Only the pictures should be left out; repeat the rest of the data exactly.

--- SOURCE MATERIAL ---

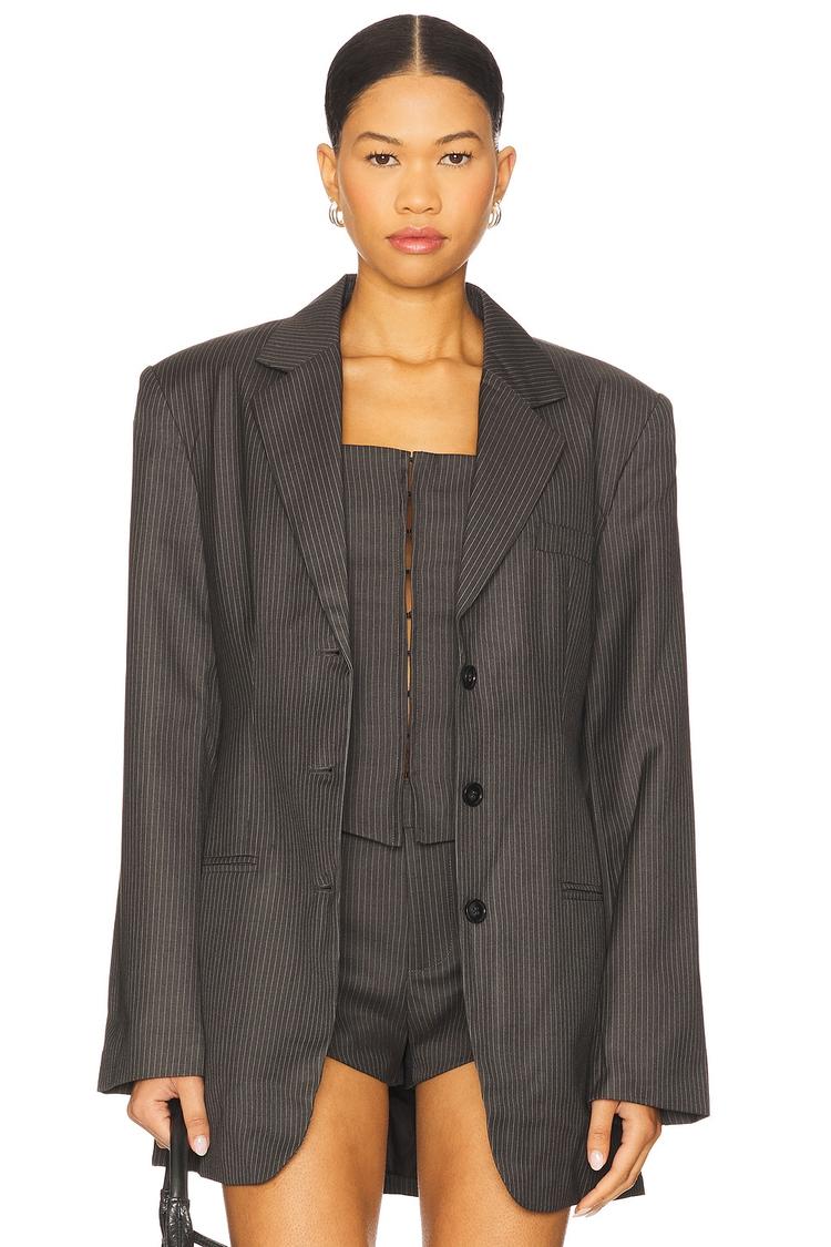 This single-breasted pinstriped blazer features a relaxed fit and hip-length cut, crafted from a midweight suiting fabric blend of polyester, viscose, and wool. The classic notch lapel collar complements the long regular sleeves and structured padded shoulders, adding subtle sophistication. Fully lined in polyester, it offers a smooth finish and professional polish. Perfect for workwear, business casual, and conference settings, this blazer balances minimalist style with timeless tailoring for a versatile wardrobe staple.
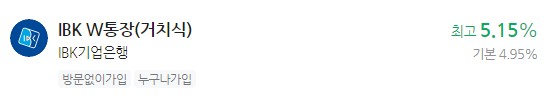 이자 높은 예금 추천 - IBK기업은행 IBK W통장(거치식) 최고 5.15%
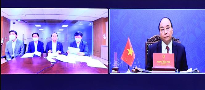 Chủ tịch nước Nguyễn Xuân Phúc tại buổi làm việc trực tuyến với ông Choi Young Joo. Ảnh: TTXVN
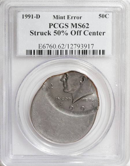1991-D 50C Kennedy Half--Struck 50% Off Center--MS62 PCGS

---

WRITTEN RESPONSE:
 This single-breasted pinstriped blazer features a relaxed fit and hip-length cut, crafted from a midweight suiting fabric blend of polyester, viscose, and wool. The classic notch lapel collar complements the long regular sleeves and structured padded shoulders, adding subtle sophistication. Fully lined in polyester, it offers a smooth finish and professional polish. Perfect for workwear, business casual, and conference settings, this blazer balances minimalist style with timeless tailoring for a versatile wardrobe staple.
 이자 높은 예금 추천 - IBK기업은행 IBK W통장(거치식) 최고 5.15%
 Chủ tịch nước Nguyễn Xuân Phúc tại buổi làm việc trực tuyến với ông Choi Young Joo. Ảnh: TTXVN
1991-D 50C Kennedy Half--Struck 50% Off Center--MS62 PCGS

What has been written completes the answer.